Desmond’s definition of local is of note. To many readers local might imply their immediate neighbourhood, perhaps their side of the town. I think, although I am open to correction, Dermot Desmond’s sense of local extends across Europe, because in November last year when speaking to the Golf Business Conference last year he said:
It seems to me that Ireland faces a choice between a moderate tax economy with a competitive social welfare and public sector, versus an economy with high taxes and generous social and public packages.
This is Ireland in a global setting, competing for the business of multinationals, a setting where the word “high” and word “generous” are bad things. So reform for whom exactly? Dermot, in the past, has told us that he could take his business anywhere but he does not live in Ireland because he is avoiding politicians and small-minded people. It is these self-same politicians whose environment Desmond now seeks to reform. So committed to Ireland is he that he does not need to mention the word “justice” or “fairness” once in his proposals. The word “equality” exists only in as much as local authorities are provided with an equalisation grant – a base from which they can more effectively compete for services. TASC and Social Justice Ireland have produced monumental amounts of analysis on the reform of social welfare and corporate governance. Desmond concerns himself not with these matters.
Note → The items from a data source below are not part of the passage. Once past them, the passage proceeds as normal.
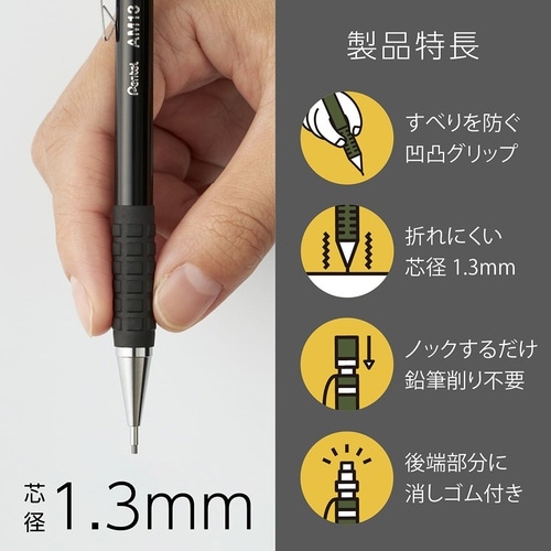 軸色:ブラック | 芯径:1.3 | 材質:先金:真鍮、軸・ノック:再生ABS、グリップ:エラストマー、クリップ:ステンレス | 機構:ノック式 | …
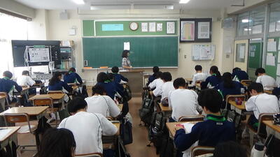 先生が先に音読して、その後、生徒たちが続いて音読しました。次に先生が日本語で文章を読んで、生徒たちは、その後に英文にして音読しました。そして音読した文書に関するプリントが配布され、音声の英文で問題が出され生徒は問題に取り組んでいました。たくさん英語に触れています。
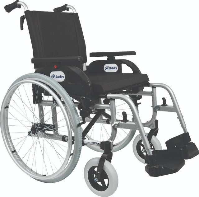 Sammanslagbar Dolphin rullstol från Mobilex i aluminium/stål – en lättviktsrullstol i elegant grå/svart design.
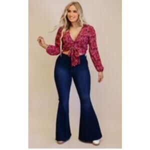 Hope's Boho Burgundy Floral Crop Tie Top Medium
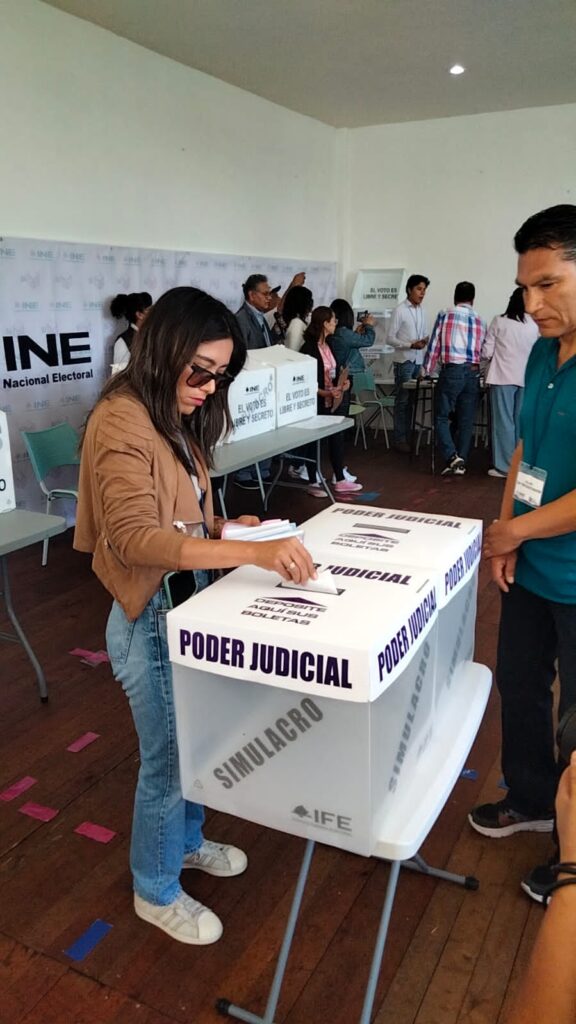 La dinámica de este ejercicio busca familiarizar a la ciudadanía con el proceso electoral que se vivirá el próximo 1 de junio, en el cual cada votante recibirá 13 boletas: seis para elegir a ministros, magistrados y jueces del ámbito federal, y siete correspondientes al ámbito local.
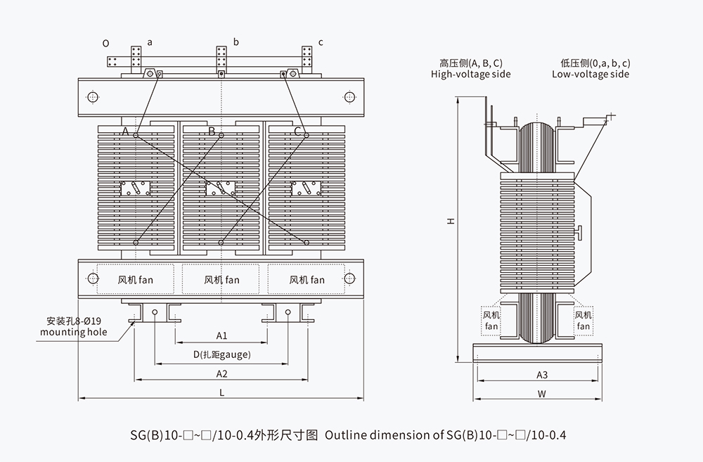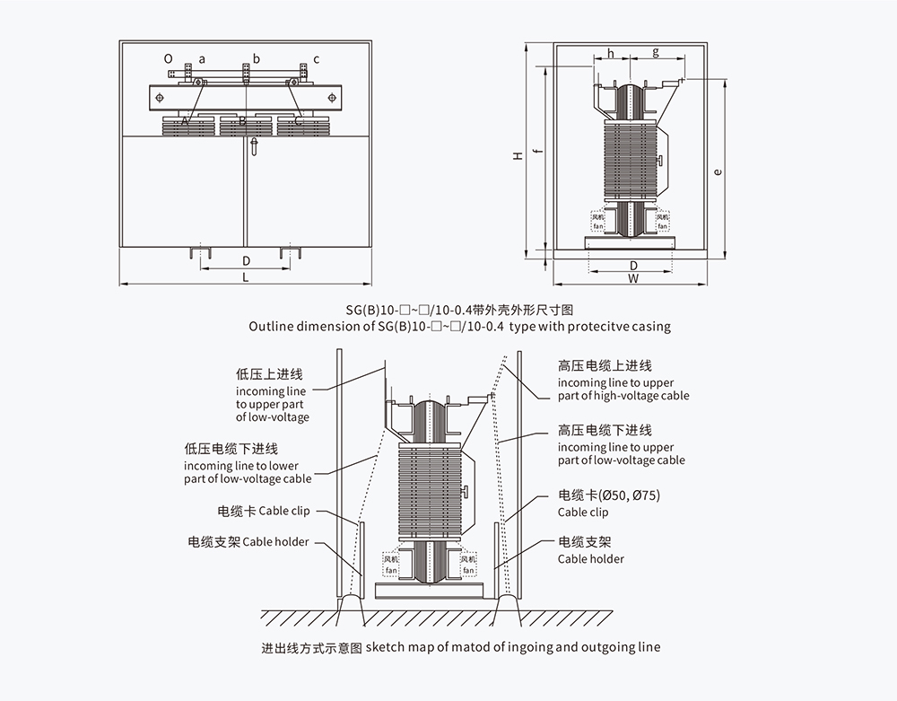 SG(B)10 H級絕緣干式變壓器帶保護外殼外形尺寸
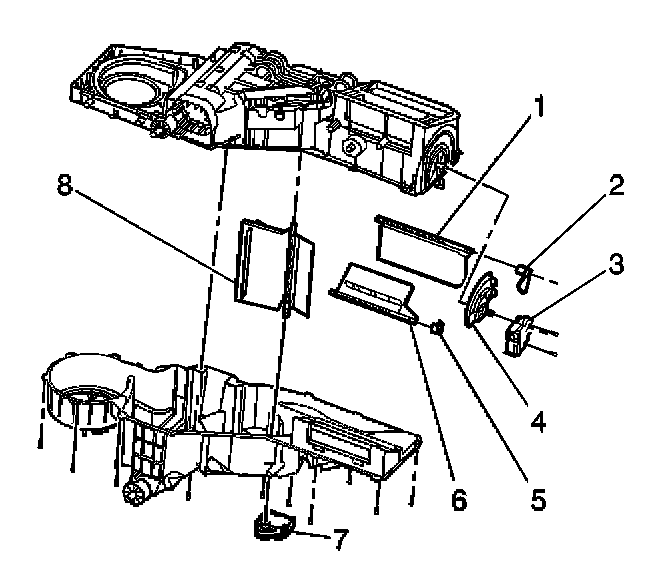 6. Remove the heater door cam assembly (5).
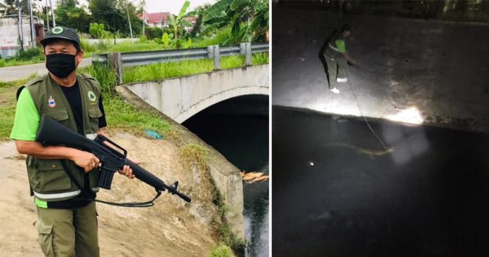 (山打根16日讯)近日被发现在山打根北路7哩发佳新村附近大水沟出没的鳄鱼,已在周日晚被山打根野生物局官员开枪射杀。
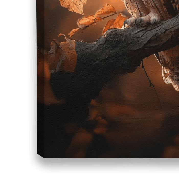 Met zachte, warme kleuren en de mysterieuze blik van een uil op een tak straalt dit kunstwerk rust en wijsheid uit. De herfstbladeren op de achtergrond geven het beeld een vleugje nostalgie. Ideaal voor een woonkamer die gezelligheid en een vleugje natuur wil uitstralen.
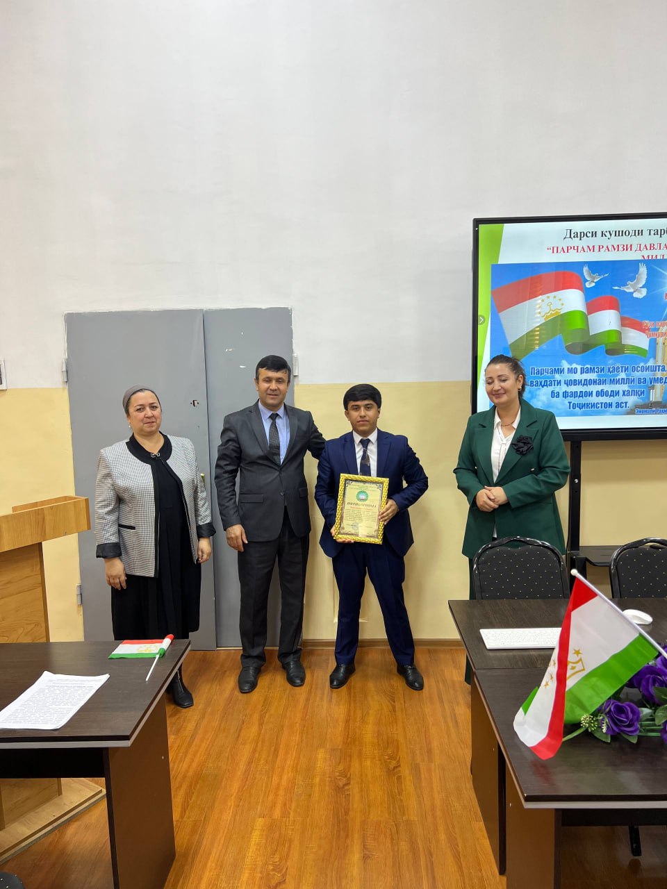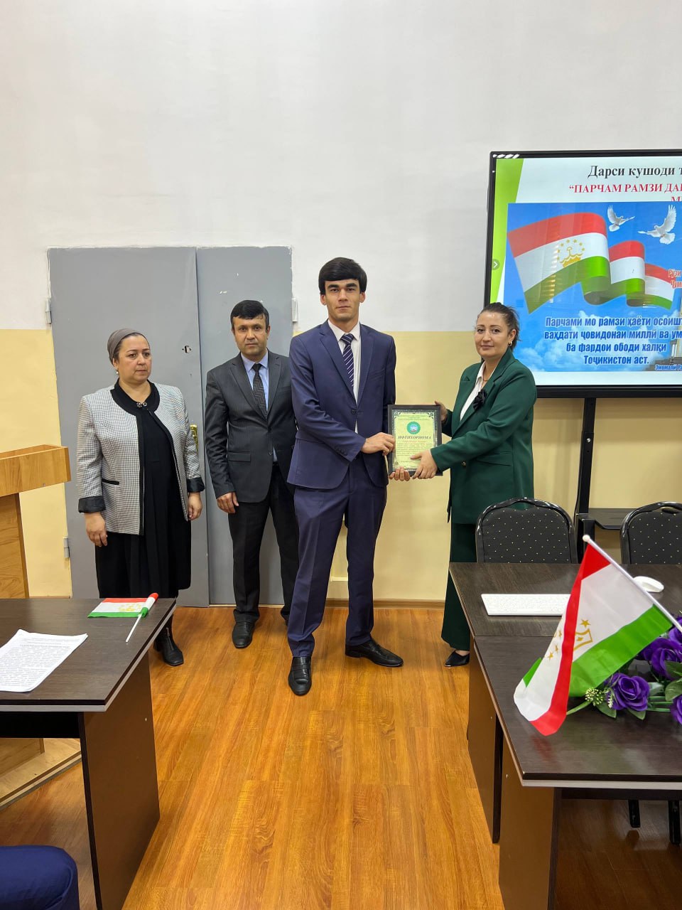 Сипас, донишҷӯён Ориф Маҳмадқулов, Абдуҳалим Ёқубов, Комрон Раҳимов, Муҳаммад Зарипов ва Шӯҳрат Қобилзода доир ба таърихи қабули парчам, аҳаммият ва рисолати парчам ҳамчун муқаддасоти миллӣ маърӯзаҳои пурмазмун карданд. Инчунин, донишҷӯён дар васфи парчами давлатӣ, ватан ва ватандӯстӣ шеърҳо қироат карданд.

It is not budget cuts that harm people of course, it is a lack of joined-up thinking:
Many local authorities have produced innovative transport policies based on a reduction in car usage and an increase in public transport usage. Yet, at the same time, Bus Éireann is shutting down routes and reducing services.
This is straight from the IMF austerity colouring book. It is also exceptionally vague and badly written – not that this has ever stopped the Irish Times:
At the end of the day we get more for less by publishing data. This is an argument that transcends partisan discussion and ensures that the influence of vested interests is limited to the maximum extent possible.
He should know this because, as Gavin Sheridan writes, “Dermot Desmond went all the way to the Supreme Court in a bid to prevent the contents of the [Glackin] report being read into the record of the Moriarty Tribunal in 2004.” Of course, no one can find out how many people, let alone who, benefit from non-residential taxable income either. The people who took the effort to write letters to the Irish Times this week know this all too well. They can see through his green jersey and know a neoliberal sock puppet when they see one. They would be aware that Desmond’s dollar-green jersey is threaded to larger networks of capital. These networks live nowhere but get fixed in places, seemingly with no consequence for those living and working there. Transcending partisan discussion means taking all that “ugly politics stuff” out of our hands.
This is about political choices of course; the same political choices that are now proposed by Fianna Fáil and others when they want to open up government to unelected representatives. They are the political choices of those who want to see Michael O’Leary in charge of the HSE or Dermot Desmond sitting in the Department of Finance. Listen out for the rapid evacuation of people politics in Desmond’s proposals because the less say we have, the more money he makes.